- Written by: Lee David Zlotoff, John Considine
- Directed by: Charles Correll
- Starring: Richard Dean Anderson Beatie Edney Peter Egan
- Music by: Ken Harrison
- Country of origin: United States
- Original language: English

Production
- Producers: Richard Dean Anderson Henry Winkler John Rich
- Cinematography: David Geddes
- Editor: Ron Binkowski
- Running time: 93 minutes

Original release
- Release: November 24, 1994

= MacGyver: Trail to Doomsday =

American TV movie

MacGyver: Trail to Doomsday is a 1994 American television film directed by Charles Correll, created by Lee David Zlotoff and based on a script written by John Considine. Production took place in London.

== Cast ==

| Actor | Role |
|---|---|
| Richard Dean Anderson | Angus MacGyver |
| Beatie Edney | Natalia |
| Peter Egan | Frederick |
| Alun Armstrong | Capshaw |
| Bob Sherman | Anthony Graves |
| Lena Headey | Elise Moran |
| Michael Cronin | Dr.
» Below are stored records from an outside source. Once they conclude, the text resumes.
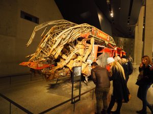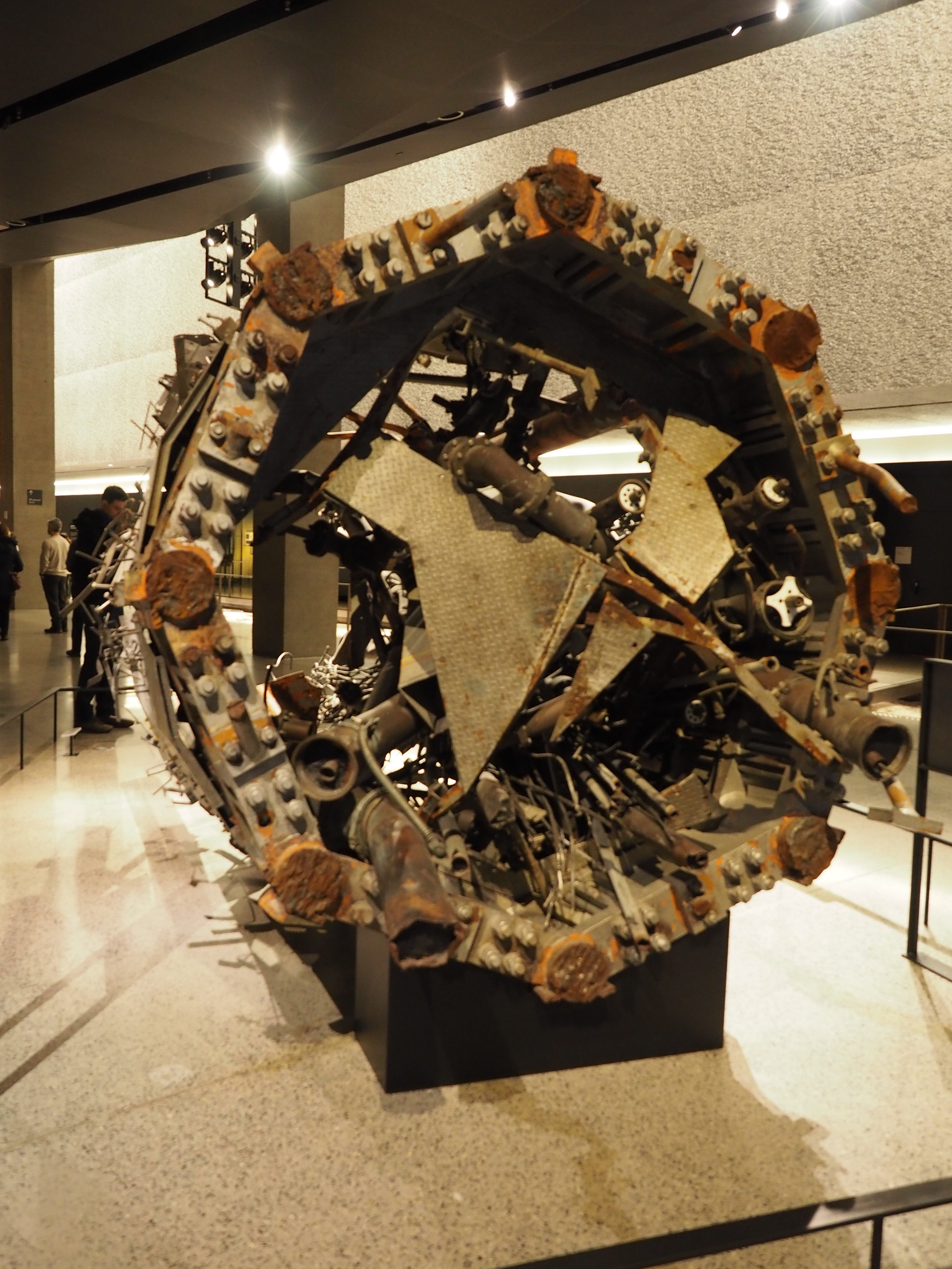 Und doch ist es auch beeindruckend zu sehen, wie stark Menschen sein können. Es gab auch Anrufe mit fester Stimme, die jeden einzelnen zuvor erlebten Tag wertschätzten, Familie und Angehörigen dazu aufriefen sich an sie in Freude zu erinnern und ein fröhliches Leben zu führen. Menschen die sich völlig aufopferten um anderen Menschen zu helfen. Aber der Stolz der Amerikaner sollte dennoch mit der Zeit zurückkehren. In einem kurzen Film wird der Wiederaufbau des Geländes dokumentiert. Angehörige sprechen davon, dass diese Wunde langsam als weniger schmerzhaft aber als nicht weniger wichtig empfunden wird. Diese Narbe sollte gezeigt werden. Hier beim Gang durch die Exponate wird sie sehr sicht- und spürbar, sei es durch tonnenschwere verbogene Metallträger, die abgebrochene Dachantenne oder einen Feuerwagen, der durch herabstürzende Geäudeteile nicht nur sein Führerhaus verlor, sondern auch sämtliche seiner Feuerwehrmänner im Einsatz.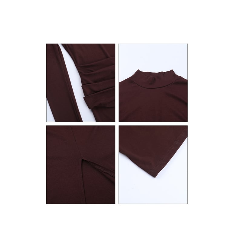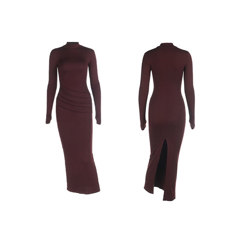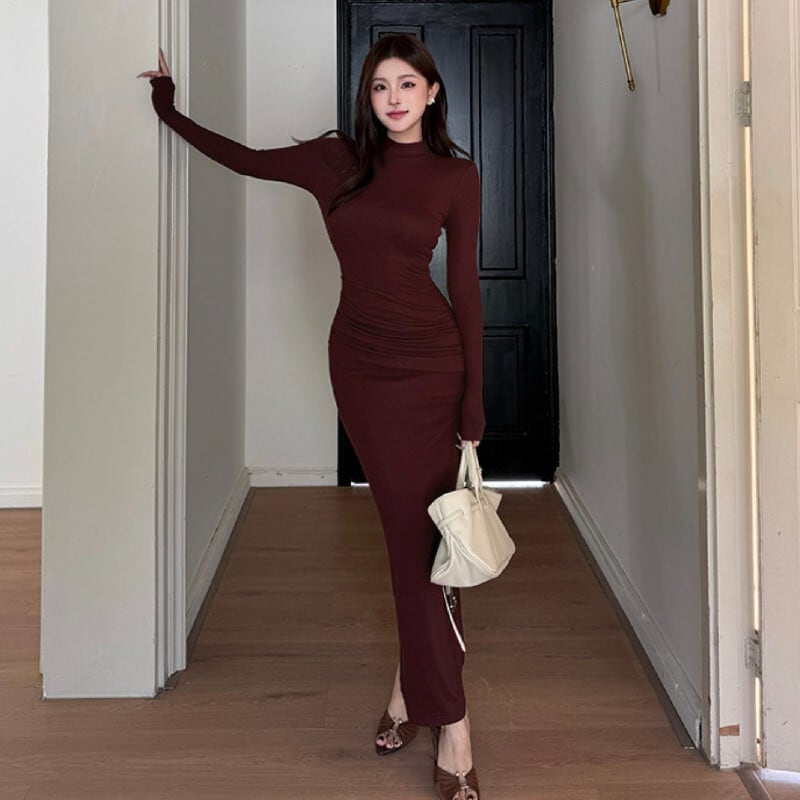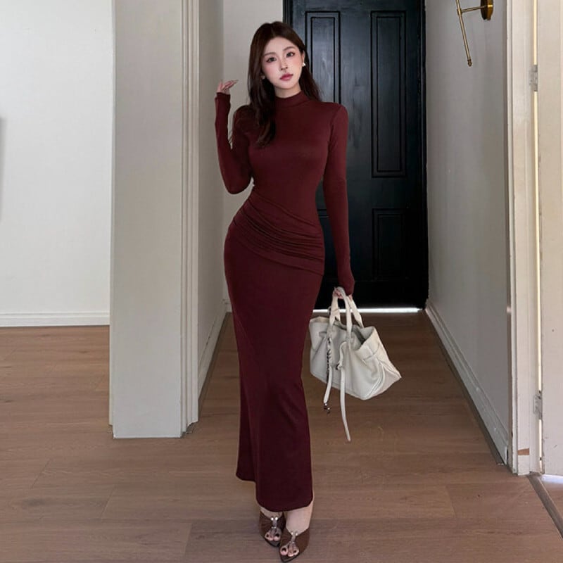ワンピース 無地 シルエット フェミニン バックスリット ワインレッド S M L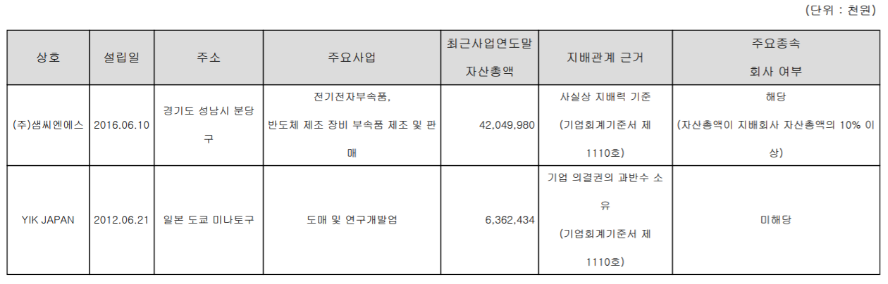 계열회사로는 메모리 테스트용 Probe Card, 세라믹 기판 등을 제조, 공급하는 (주)샘씨엔에스와 도매 및 연구개발을 위주로 하는 일본 YIK JAPAN 이 있습니다.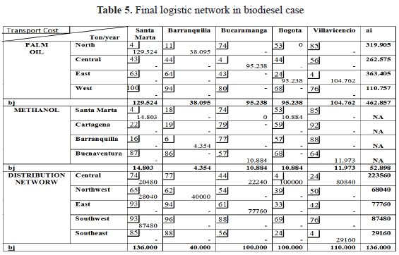 According to Figures 1 and 2, five scenarios were considered in the biodiesel production case. The plants in Santa Marta and Cesar were grouped in one place and other plants were individually analyzed. The central, northwest, east, southeast and southwest of the country were taken into account in the analysis of biodiesel distribution network (see figure 3).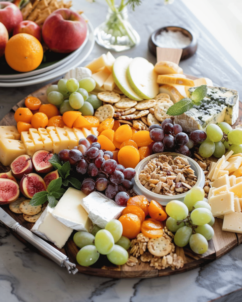 Use seasonal fruits for freshness and visual variety.Add chocolate or sweet treats for dessert-style platters.Make it themed—such as Mediterranean or French—with specific cheeses and accompaniments.Allow cheese to come to room temperature before serving for best flavor.Store components separately if preparing ahead.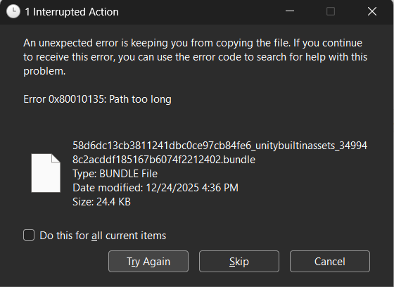 Any way to resolve this? If I skip it then the game downloads but when I run it I simply get stuck on the loading screen.
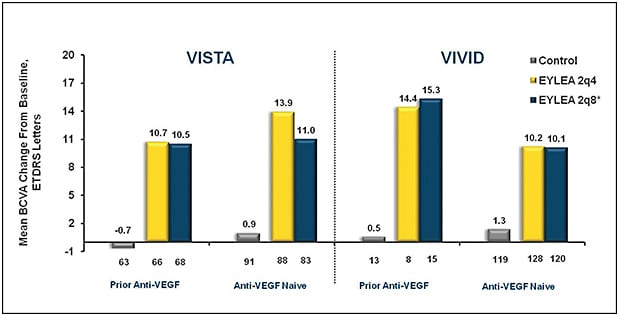 Figure 5 shows the treatment effects in the subgroups of patients treated with an anti-VEGF agent prior to enrollment compared to treatment-naïve subjects. Subjects assigned to either dosing regimen of aflibercept demonstrated similar benefits to therapy, regardless of prior treatment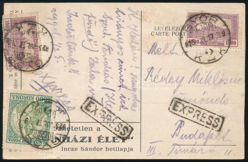 1925 Expressz képeslap 7.000K bérmentesítéssel Győrből Budapestre / Express postcard with 7.000K franking (Image)(Image 1)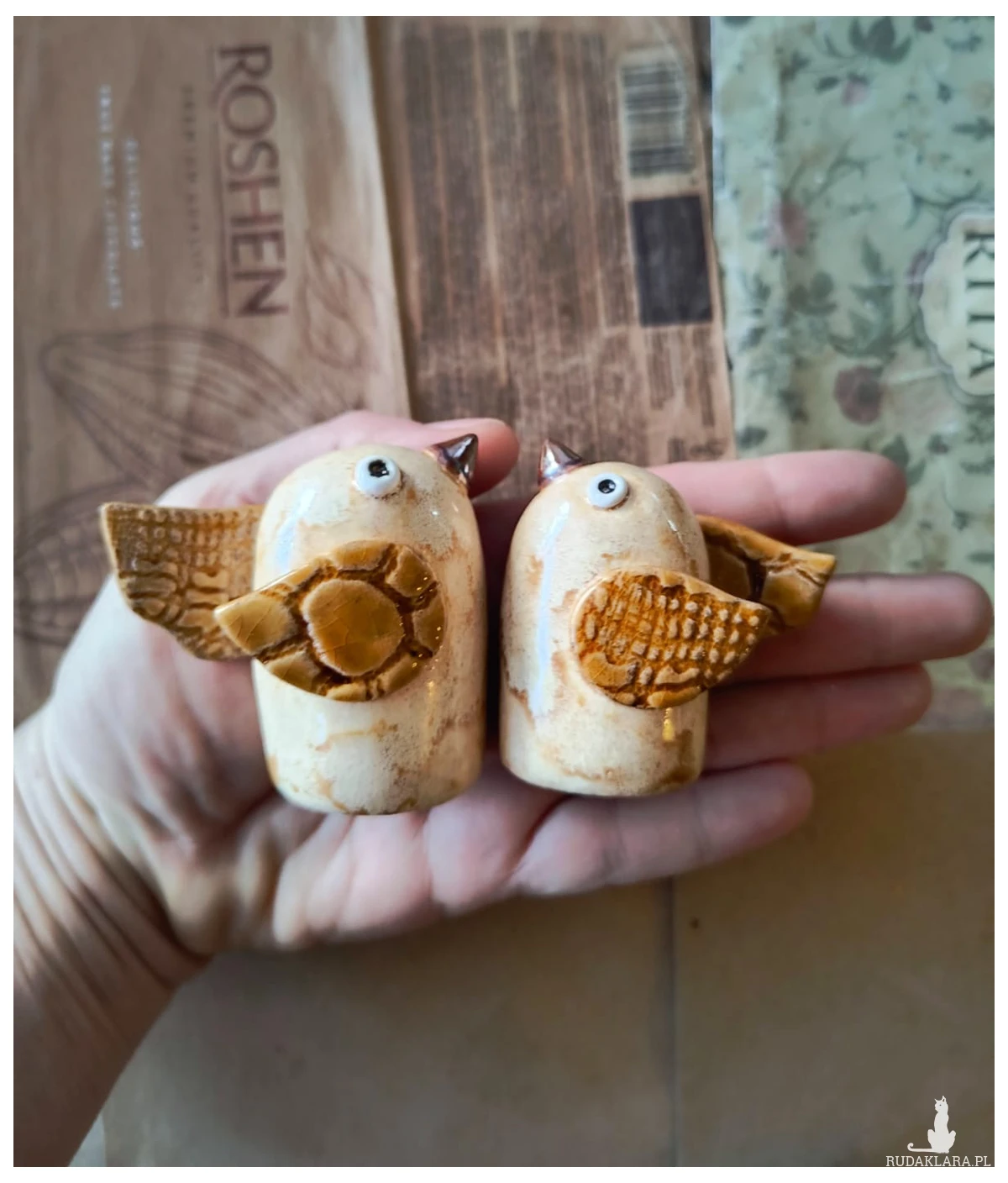 Zestaw 2 ptaszków ceramicznych w kolorze biszkoptowym o wymiarach ok 3,5 cm x 5,5 cm oraz 4 cm x 6,5 cm. Dostępne również osobno. Polecam serdecznie.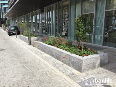 Dopo i restauri al palazzo di via Melchiorre Gioia 8 ecco che sono stati ultimati anche i lavori al tratto del marciapiede che corre attorno alle palazzine: i marciapiedi sistemati in pietra, ricostruita la pista ciclabile e create una serie di aiuole rialzate.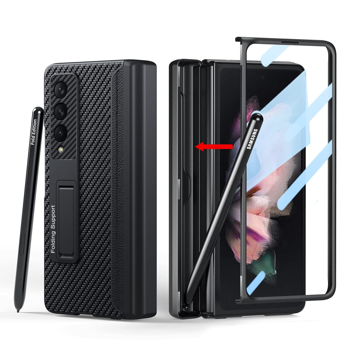 Q: Does this case have a built-in S Pen holder?A: Yes, this case features a built-in hidden S Pen holder that securely accommodates your S Pen, preventing it from being lost or scratched.

Massey |
| Jack Ellis | Joseph |
| Nicholas Farrell | Paul Moran |
| Robert Gwilym | Nikolai |
| Gabe Cronnelly | Policeman |
| Nicholas Hutchison | Jenkins |
| Richard James | lab-technician |
| Vincent Keane | Claude |
| Rocky Taylor | Plato |

== Plot ==
MacGyver is in London visiting his friend Paul Moran. When Moran is murdered, MacGyver discovers a secret nuclear weapons factory right in the center of Britain.